Objective: The most feared complication during laparoscopic cholecystectomy remains a bile duct injury (BDI). Accurately risk-stratifying patients for a BDI remains difficult and imprecise. This study evaluated if the lethal triad of acute cholecystitis, obesity, and steatohepatitis is a prognostic measure for BDI.
Methods: A retrospective review of the American College of Surgeons National Surgical Quality Improvement Program (NSQIP) registry was performed. All laparoscopic cholecystectomy cases within the main NSQIP database for 2012-2019 were queried. Two study cohorts were constructed. One with the lethal triad of acute cholecystitis, BMI ≥ 30, and steatohepatitis. The other cohort did not have the full triad present. Multivariate analysis was performed via logistic regression modeling with calculation of odds ratios (OR) to identify independent factors for BDI. An uncontrolled and controlled propensity score match analysis was performed.

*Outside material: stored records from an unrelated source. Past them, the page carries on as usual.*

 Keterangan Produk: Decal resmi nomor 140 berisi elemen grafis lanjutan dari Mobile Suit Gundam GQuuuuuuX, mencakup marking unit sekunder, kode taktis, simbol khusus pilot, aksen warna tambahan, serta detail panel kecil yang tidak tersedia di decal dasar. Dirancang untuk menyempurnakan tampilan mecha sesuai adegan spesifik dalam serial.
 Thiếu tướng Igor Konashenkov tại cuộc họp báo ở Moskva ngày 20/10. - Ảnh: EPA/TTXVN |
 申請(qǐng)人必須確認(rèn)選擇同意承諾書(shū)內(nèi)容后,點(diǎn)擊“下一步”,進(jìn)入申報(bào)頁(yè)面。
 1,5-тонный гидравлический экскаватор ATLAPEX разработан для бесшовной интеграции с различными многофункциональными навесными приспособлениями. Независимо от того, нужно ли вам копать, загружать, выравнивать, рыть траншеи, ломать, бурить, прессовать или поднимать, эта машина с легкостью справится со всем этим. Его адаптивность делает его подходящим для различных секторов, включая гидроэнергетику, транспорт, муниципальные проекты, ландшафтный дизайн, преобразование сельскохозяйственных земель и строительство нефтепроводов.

Results: A total of 387,501 cases were analyzed. 36,887 cases contained the lethal triad, the remaining 350,614 cases did not have the full triad. 860 BDIs were identified resulting in an overall incidence rate 0.22%. There were 541 BDIs within the lethal triad group with 319 BDIs in the other cohort and an incidence rate of 1.49% vs 0.09% (P < 0.001). Multivariate analysis identified the lethal triad as an independent risk factor for a BDI by over 15-fold (OR 16.35, 95%CI 14.28-18.78, P < 0.0001) on the uncontrolled analysis. For the controlled propensity score match there were 29,803 equivalent pairs identified between the cohorts. The BDI incidence rate remained significantly higher with lethal triad cases at 1.65% vs 0.04% (P < 0.001). The lethal triad was an even more significant independent risk factor for BDI on the controlled analysis (OR 40.13, 95%CI 7.05-356.59, P < 0.0001).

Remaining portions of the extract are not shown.